Purchasing a microphone is an investment and if you are looking for your first microphone, you should look for a microphone that is versatile in almost any applications. A microphone that will work well with acoustical guitar, vocal, piano (mono, yes it is possible) and even drum set (room miking and you could get a decent sound with adequate technique and room). Your first microphone will be the "Swiss army knife" for almost any recording and you will probably do multi-track recording, or if you are feeling adventurous, a one take recording with all the artists crowding around the microphone (one mic technique).

With such requirements, your first microphone I would recommend would be a large diaphragm condenser microphone. A large diaphragm condenser microphone has a few key characteristics that will justify the initial purchase, namely, flat frequency response, high dynamic sensitivity and good transient response. A dynamic microphone (e.g. Shure Beta 58A) works very differently as compared to a condenser microphone (e.g. AKG C451B). A dynamic microphone utilises a magnetic moving coil transducer whereas a condenser microphone operates with a conductive electroplate to pick up acoustical energy. The differences in the design result in these two types of microphones to have different attributes and applications.

Condenser microphones are known to have a better flatter frequency response as compared to the dynamic counterpart. This allows the microphone to have a better representation of the acoustical pickup the microphone is capturing, thus, allow the microphone to be more flexible in many applications (e.g. a piano has a wide range of frequency characteristics, low to high note).

Due to the type of transducer used, a capsule of a condenser microphone can be exponentially lighter as compared to a dynamic microphone. This is a straightforward comparison, as the magnet will easily outweigh the conductive plates used in a condenser transducer. With its lightweight transducer characteristics, a condenser microphone does require as many acoustical energies to push the conductive plates in order to convert acoustical energies into electrical signals. This allows the condenser microphone to be better suited in soft dynamic pick up (e.g. clarinet playing in pianissimo) while retaining the ability to record louder dynamic source (e.g. guitar cabinets, lower gain structure).

Recording transient sounds also require the microphone to a pickup that is fast enough to capture the "attacks" of the instruments (e.g. hi-hats or xylophone). As mentioned above, the lightweight characteristic of the condenser microphone is better suited in this application as the transducer is able to move fast enough in order to reproduce the fast transient sound. Although there are cases where recordings are made with a combination of dynamic and condenser together to mike up a transient instrument, for example, a Shure SM57 and AKG C451B on a hi-hat. Most of the time, the dynamic microphone is mainly used to blend the sound together and create something more appealing. In this case, it can provide a more "edgy" hi-hat characteristics with the emphasis in the high-mid frequency on the SM57.

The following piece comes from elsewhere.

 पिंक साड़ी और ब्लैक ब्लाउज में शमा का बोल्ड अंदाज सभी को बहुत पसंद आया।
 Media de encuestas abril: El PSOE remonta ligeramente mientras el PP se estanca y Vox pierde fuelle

But why choose a large diaphragm condenser (LDC) over a small diaphragm condenser (SDC) microphone? Remember, we are picking up your first microphone; therefore, your microphone needs to be as versatile as possible for almost any application. First reason, an LDC has a larger surface area (more than 1 inch) of the conductive plate than an SDC microphone, hence, LDC microphone tends to output a higher voltage signal than an SDC which results in a higher signal to noise (SNR) ratio ("cleaner" signal in psychoacoustic terms). The second reason, an LDC has a lower frequency response than SDC microphone (diaphragm's larger surface area). This can play well with your vocals (which is one of the most important components in a song) due to its lower frequency response as compared to an SDC. SDC microphone tends to be more articulated and can be a little harsh sounding for this purpose.

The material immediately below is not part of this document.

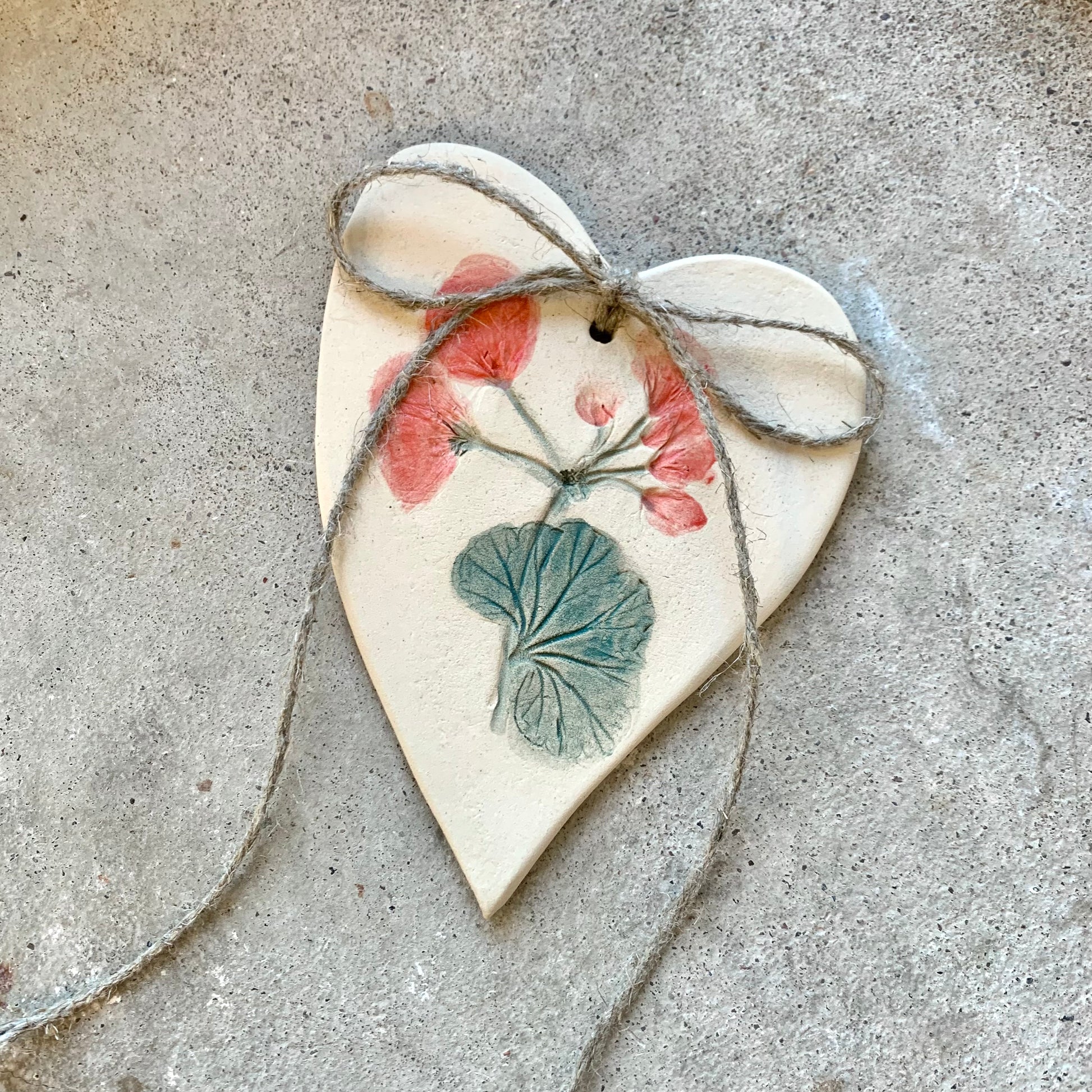 Vaaleasta savesta valmistettu koristesydän pelargonin painokuviolla. Ovea, seinää tai ikkunaa koristamaan.
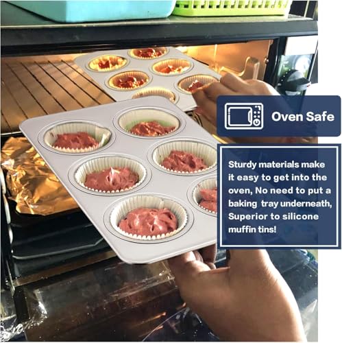 - ✅【Easy to Clean】Thanks to the smooth non-stick surface, cleaning this heavy-duty muffin pan takes just seconds with a soft sponge or cloth, reducing post-baking effort and ensuring your pan stays in pristine condition for long-term use, saving you time and effort in the kitchen. 🧼

It will be nice to have varieties of microphones in your toolkit; however, such inventory has to be slowly built upon for most individuals. Every type of microphone has its merits in specific applications (e.g. a pencil style condenser microphone is very well suited for capturing the articulation of the ride cymbals) but when the budget is a concern, we have to balance between the price and functionality a microphone can provide. An LDC microphone will probably be a lot more adaptable in many recording scenarios and the usage of the microphone is only limited by your own creativity.

YWFU

In the recent post about Pepperdecks DJOCLATE, I have mentioned that a Direct Injection (DI) box can be used to convert unbalanced to balanced signal. What else can a DI box do? Where and when should a DI box be introduced into a system? 

The DI box is an electronic device, typically contains an audio transformer to perform impedance / level matching (if you are interested in this topic, do let me know) either actively or passively. DI boxes can be often spotted in the studio or live sound application where it is used to convert audio signals, minimise signal noise and interference (e.g. ground loops).

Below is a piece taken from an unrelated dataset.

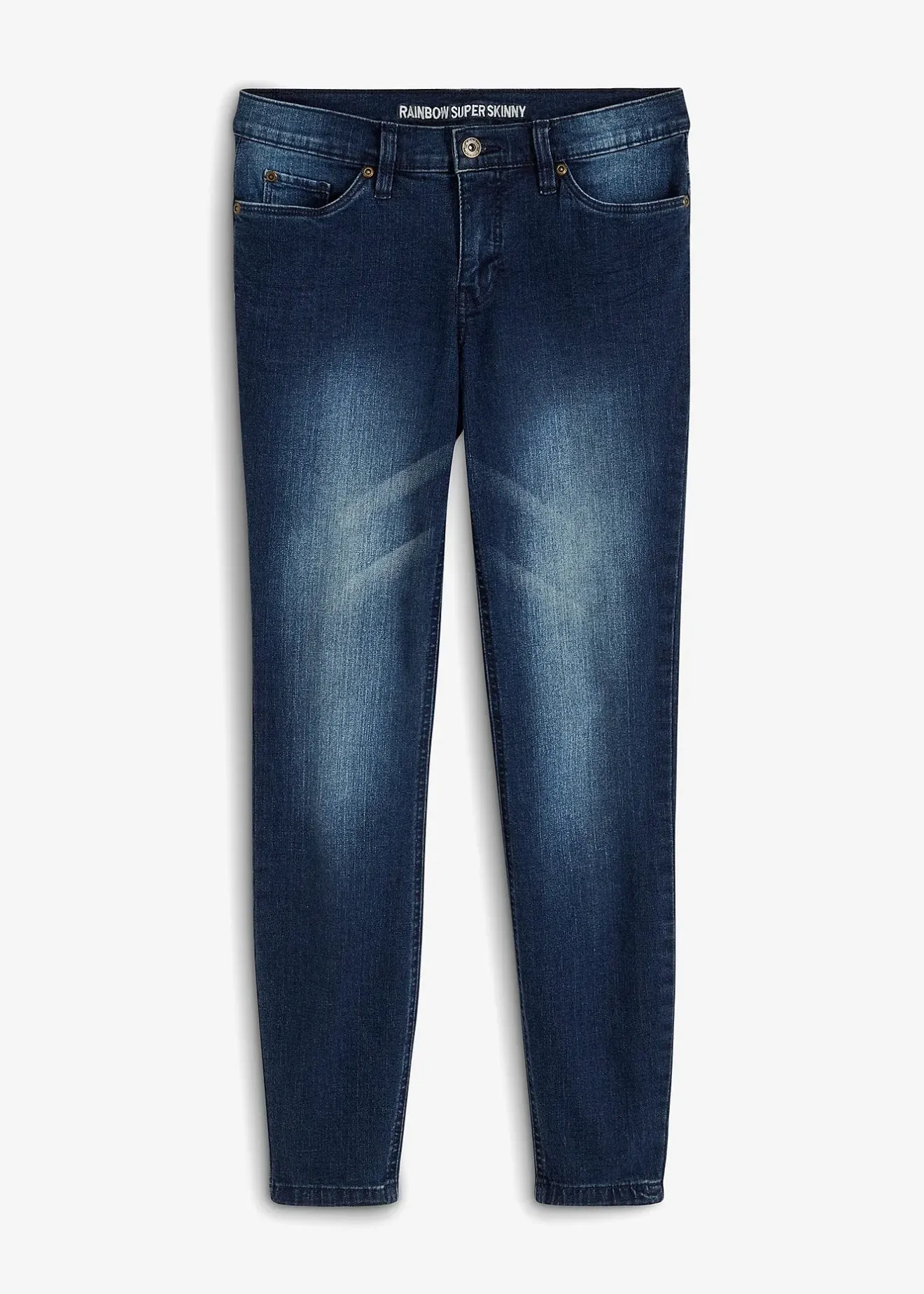 Jean skinny stylé à cinq poches avec un délavage cool et des plis permanents. Coupe 7/8 très tendance.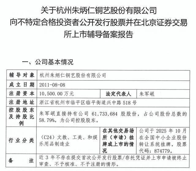 公司基本情况 - 公司全称为杭州朱炳仁铜艺股份有限公司,成立于2011年8月8日,注册资本为10,500.00万元 [1] - 公司注册地址位于浙江省杭州市临平区,法定代表人为朱军岷 [1] - 公司所属行业为文教、工美、体育和娱乐用品制造业 [1] - 公司已于2025年10月在全国中小企业股份转让系统挂牌,股票代码为874779 [1] - 公司近3年不存在IPO申请被终止审查、不予核准或不予注册的情形 [1] 本次IPO辅导安排 - 公司已启动IPO辅导,辅导协议签署时间为2025年10月15日 [2] - 本次IPO的辅导机构为浙商证券股份有限公司 [1][2] - 本次IPO的律师事务所为北京市君合律师事务所 [1][2] - 本次IPO的会计师事务所为中汇会计师事务所(特殊普通合伙) [1][2] 主营业务与品牌 - 公司主要从事铜工艺相关产品的研发、生产与销售,主要产品包括铜工艺品和铜装饰产品 [2] - 公司开创了“朱炳仁·铜”品牌,实际控制人朱军岷是国家级非遗铜雕技艺传承人及浙江省工艺美术大师 [2] - 公司顾问朱炳仁(朱军岷之父)是铜雕领域的国家级工艺美术大师、国家级非遗铜雕技艺传承人,并担任北京故宫博物院文创顾问等职务 [2] - 公司在传承传统技术基础上,开创了熔铜艺术与庚彩艺术 [2] 股权结构与实际控制人 - 控股股东及实际控制人为朱军岷,直接持有公司61,733,684股股份,占总股本的58.79% [1][5] - 朱嫣红直接持有公司20,062,454股股份,占总股本的19.11%,朱军岷与朱嫣红为兄妹关系 [5] - 朱军岷与朱嫣红还通过持有杭州军燕的全部合伙份额间接持有公司2,100,000股股份,占总股本的2% [5] - 朱军岷与朱嫣红共同控制公司79.90%的股份,为公司的共同实际控制人 [5] 管理层背景 - 朱军岷,55岁,担任公司董事长,拥有深厚的行业背景,自1990年起长期在铜艺相关企业任职 [7] - 朱军岷现任浙江省政协委员及杭州市工商联企业家协会副主席 [7] - 朱嫣红,51岁,担任公司董事,并长期担任浙江朱炳仁铜雕艺术博物馆馆长 [7] 财务表现:盈利能力 - 2023年至2024年,公司营业收入从4.85亿元增长至6.20亿元,同比增长27.9% [3][4] - 2023年至2024年,公司归母净利润从5,619.74万元增长至6,297.03万元,同比增长12.1% [3][4] - 2023年至2024年,公司毛利率从49.59%提升至53.77% [4] - 2023年至2024年,公司基本每股收益从0.54元/股增长至0.60元/股 [4] - 2024年公司扣除非经常性损益后的归母净利润为5,320.25万元 [4] 财务表现:资产与负债 - 2023年至2024年,公司总资产从74,135.73万元增长至96,519.00万元 [4] - 2023年至2024年,公司股东权益合计从44,829.97万元增长至51,073.95万元 [4] - 2023年至2024年,公司归属于申请挂牌公司的股东权益从43,841.30万元增长至50,085.49万元 [4] - 2023年至2024年,公司每股净资产从4.18元增长至4.77元 [4] - 2023年至2024年,公司资产负债率从39.53%上升至47.08% [4] 财务表现:运营效率与现金流 - 2023年至2024年,公司流动比率从1.83倍下降至1.60倍,速动比率从1.11倍下降至0.93倍 [4] - 2023年至2024年,公司应收账款周转率从3.09次提升至3.33次 [4] - 2023年至2024年,公司存货周转率从1.34次微降至1.28次 [4] - 2023年至2024年,公司经营活动产生的现金流量净额从5,944.15万元大幅增长至9,261.84万元 [4] - 2023年至2024年,公司加权平均净资产收益率(扣非)从12.07%降至11.30% [4]

DI boxes come in a multitude of varieties and can be categories by either active DI or passive DI, with the latter often the cheaper option. The simplest form of a passive DI box consists of an audio transform that converts an unbalanced signal into balanced signal. Passive units tend to be less versatile than its active counterpart due to its simplicity in design, however, a passive DI is simpler and more reliable (less component) to use.

Avenson Small DI (passive, small footprint and lightweight.)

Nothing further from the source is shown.